PS1 IPP Czar Logs for the week 2011.11.14 - 2011.11.20

(Up to PS1 IPP Czar Logs)

Monday : 2011.11.14

  • 08:40 Mark: looks like ippc06 is down, seems to be causing problem even though out of nebulous hosts? maybe problem in my config (yes, see ~ipp/.tcshrc). rebooting (no info on console)
    Unable to access file neb://@HOST@.0/gpc1/SAS2.123/2011/07/26/RINGS.V3/skycell.1405.001/RINGS.V3.skycell.1405.001.stk.339528.target.psf: nebclient.c:535 nebFind() - no instances found
    
    -- but neb-stat says ok
          1 409a428a70bcbbccd1528cecdd33c02a file:///data/ipp037.0/nebulous/f6/92/1132632500.gpc1:SAS2.123:2011:07:26:RINGS.V3:skycell.1405.001:RINGS.V3.skycell.1405.001.stk.339528.target.psf
          1 409a428a70bcbbccd1528cecdd33c02a file:///data/ipp027.0/nebulous/f6/92/1132694136.gpc1:SAS2.123:2011:07:26:RINGS.V3:skycell.1405.001:RINGS.V3.skycell.1405.001.stk.339528.target.psf
    
    
  • 14:50 Mark: stress testing CPU on ippc11 to check if can use again after heatsink reset. CPU1 usage (up to 4 cores) may be possible, full 8 cores lasted 3 minutes.

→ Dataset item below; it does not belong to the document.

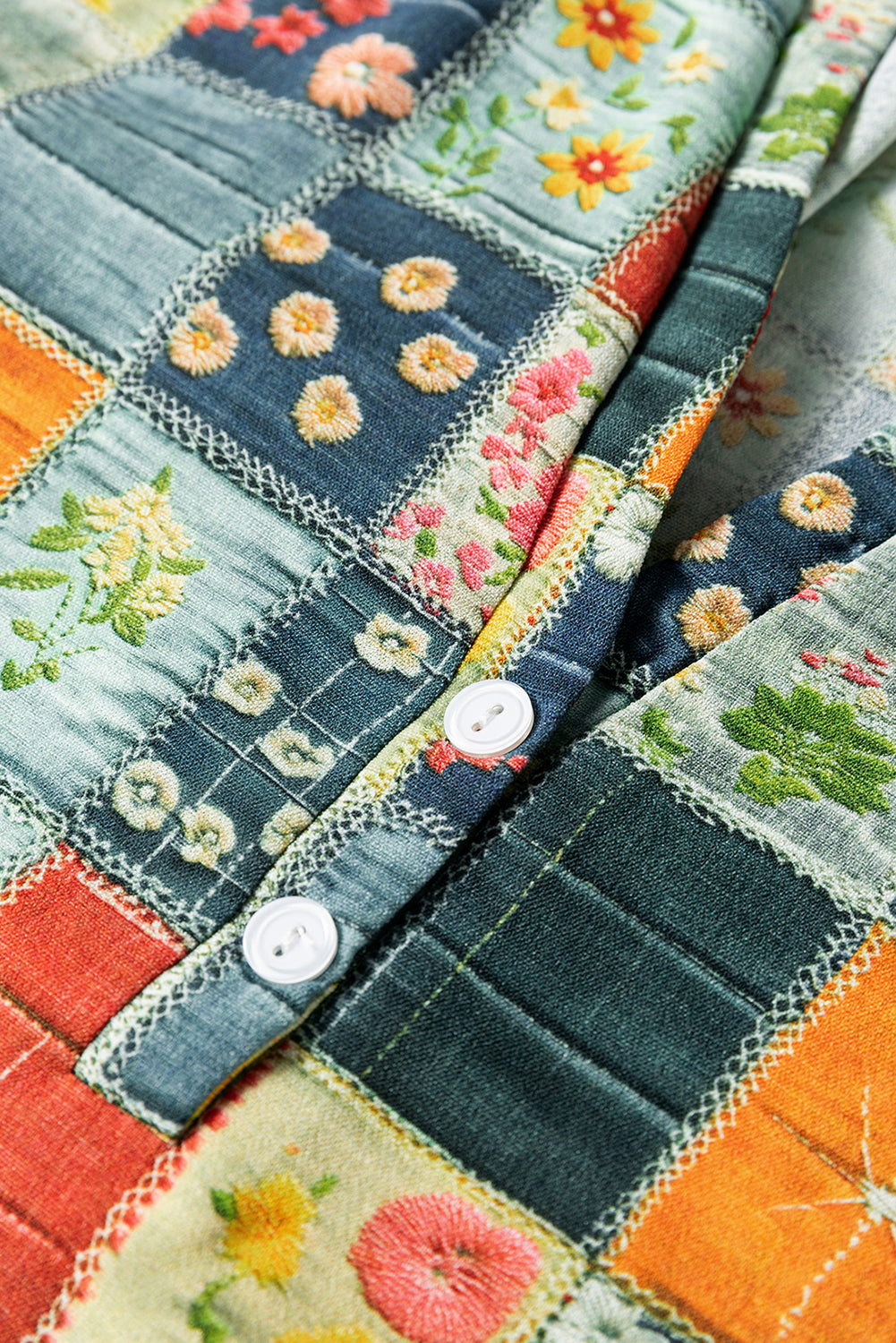 Floral Half Placket Collared V-Neck Blouse

Also isn't rebooting on powercycle again, leaving off for a bit and back after ~5-10 mins (seems like thermal issue still).
  • 16:16 Mark: crashed ipp029 with same stress code (only 2 jobs) and got kernel panic like has been seen before, probabaly not thermal issue.
  • 16:30 Mark: crashed ippc11 again, 6 jobs running. temperature plots show temperature rise as expected, then drop off after some 15 mins, then spike one CPU and crash. suspect ippc11 could now be used like ippc13 in the hosts_poor_compute group, at about 30-50%.
  • 18:40 Mark: rebooted ipp029 (no info on console this time..)
  • 14:35 Bill damaged the magicDSFile table in database. We are working to recover that data from backup

Tuesday : 2011.11.15

Bill is czar today

  • 08:00 processing went smoothly last night with destreak and distribution turned off (to work around the broken table)

Wednesday : 2011.11.16

  • 10:00 Serge and Bill have finished restoring the missing rows from the magicDSFile table. LAP and update processing have been enabled.

Thursday : 2011.11.17

  • 07:50 Only 6 MD09 exposures taken last night
  • 11:40: Rebooted ipp029

Friday : 2011.11.18

  • 7 - 9 am Bill fixed the data state problems that were preventing several lap chipRuns from finishing.
  • 9:30 chip revert is off while bill debugs an assertion failure
  • 10:02 48 warps were stuck because they depended on chips whose magicDSRun had state ='update but label = 'goto_cleaned' Set label to the proper LAP label
  • 17:00 Serge started condor running MD06 chip->warp.
  • 17:30 Mark: shutting down pantasks and rebuilding ops tag with Gene's psphotStack merges. nightly science seems to have needed the restart as well. looks like new wave4 machines in use as well.
  • 17:xx ippc11 went down from condor runs. someone rebooted. also condor_off for ippc13 (weak machine) and ippc16 (stdscience pantasks)
  • 23:00 looks like ippc04 being worked a bit too much with processing and running staticsky phot from stack pantasks. setting host off for a bit

Saturday : 2011.11.19

Bill is accidentlly czar this morning.

  • 09:00 gpc1 database oveloaded. ~500 queries in processlist. Stopped stdscience. Killed condor.
  • 09:40 process list not shrinking very fast. Killed all connections to gpc1. They were all SELECTS
  • 10:33 restarted processing and the database because sluggish quite quickly. Decided to restart it. Before that made a dump of gpc1 in /export/ippdb01.0/bills/gpc1.dump.20111113T1116.sql. Did not bother to compress. 90GB
  • 13:00 shut down mysqld with mysqladmin shutdown. Then restarted it with /etc/init.d/mysqld start. That program is impatient and says that it didn't start, but it did. Restarted all pantasks except for deepstack and the addstars. There is a dvomerge that kept running through the shutdown (whew) Heather will restart addstar when it is done.
  • 13:30 Bill is resigning as czar.
  • 13:33 .... well one last thing. Ran mkdir /local/ipp/tmp on the new nodes. the directories were missing and causing lots of faults
  • 16:30 We're getting timeouts from the load tasks. I think that the timeout value for several of the tasks (30s) might be too small . Restarted distribution to reset the counts
  • 16:31 This doesn't sound good
Running [/home/panstarrs/ipp/psconfig/ipp-20111110.lin64/bin/magicdstool -magic_ds_id 734026 -component XY61 -setmagicked -tofullfile -dbname gpc1]...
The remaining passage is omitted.